Slightly OT - Virtual Filesystems under Windows?
Sina Bahram
sbahram at nc.rr.com
Thu May 19 02:58:05 EDT 2005
Hi Jason,
Before I suggest a way of mapping subdirectories to drive letters: I want to
ask a question.
Why do you care about the path? Only the filename is what is taken into
consideration when examining the length for udf ...
Take care,
Sina
-----Original Message-----
From: speakup-bounces at braille.uwo.ca [mailto:speakup-bounces at braille.uwo.ca]
On Behalf Of Jayson Smith
Sent: Thursday, May 19, 2005 2:52 AM
To: Speakup
Subject: Slightly OT - Virtual Filesystems under Windows?
Hi,
I know this is off-topic, but I know this can be done under Linux using the
Loopback device, so I'm wondering if a hopefully free and easy equivalent
exists under Win32 systems. I don't need encryption so products like
Bestcrypt and Scramdisk seem like overkill to me. Here's my problem.

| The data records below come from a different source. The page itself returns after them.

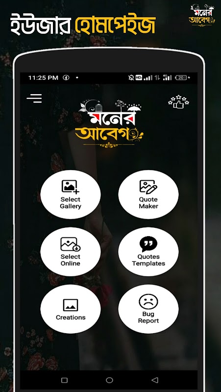 Aplikasi Abeg Emosi Minda mempunyai banyak templat kapsyen sms bangla status dengan banyak latar belakang dan imej.
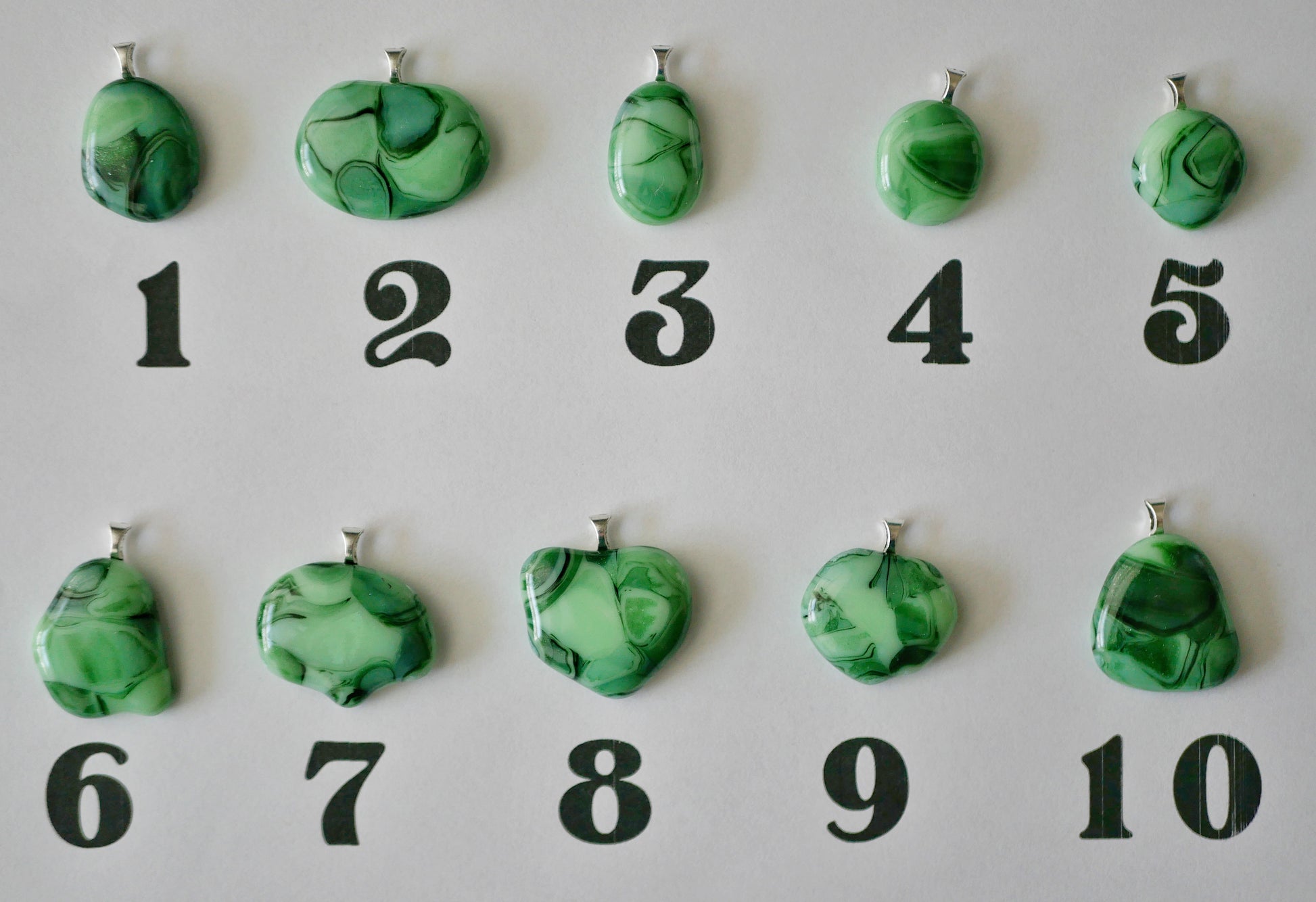 Handmade in my kiln by me! Mottled green glass pendants with a bit of sparkle. Base metal findings.
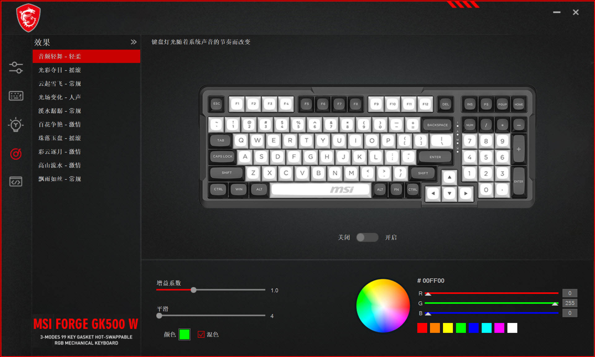 对于机械键盘来说,RGB灯效不仅是颜值的加分项,还能提升使用体验,尤其是对于电竞玩家来说,炫酷的RGB灯效能够营造出更加浓郁的电竞氛围,让游戏体验更加沉浸式。微星作为电竞外设大厂,在RGB灯效的设计上一直有着独到的优势,这款微星FORGE GK500 WIRELESS暗夜三模机械键盘,自然也配备了高品质的RGB多彩灯效,支持约1680万色RGB灯光,内置多种灯效模式,既能满足用户对颜值的追求,也能适配不同的使用场景,让键盘不再是单调的输入工具,而是成为桌面的“颜值担当”。

I have 3.6 gigabytes of MP3 files in many subdirectories under one main
directory, which I wish to burn to DVD. Unfortunately, many of the
filenames and/or pathnames are too long for the UDF or Joliet filesystems
used on CD's and DVD's.
My solution.
If I could make a Fat32 filesystem in a file on my Windows machine and mount
it as a virtual drive, I could then copy the MP3s over to this virtual
filesystem. Then I could burn that and the tool to mount it onto a DVD. If
forced to use encryption software I'd put in a really dumb, easily guessable
password and include a text file on the DVD which contains the password, in
case I ever forgot it. Security isn't an issue here, so once again products
like Bestcrypt seem like overkill. Does anybody know of an equivalent of
/dev/loop for Windows? What I'm wanting to do is to make, say, a FAT32
filesystem in c:\myfat32.dsk, let's say. Then use some tool to mount that
as, say, drive X:.
Any help would be greatly appreciated!
Thanks,
Jayson.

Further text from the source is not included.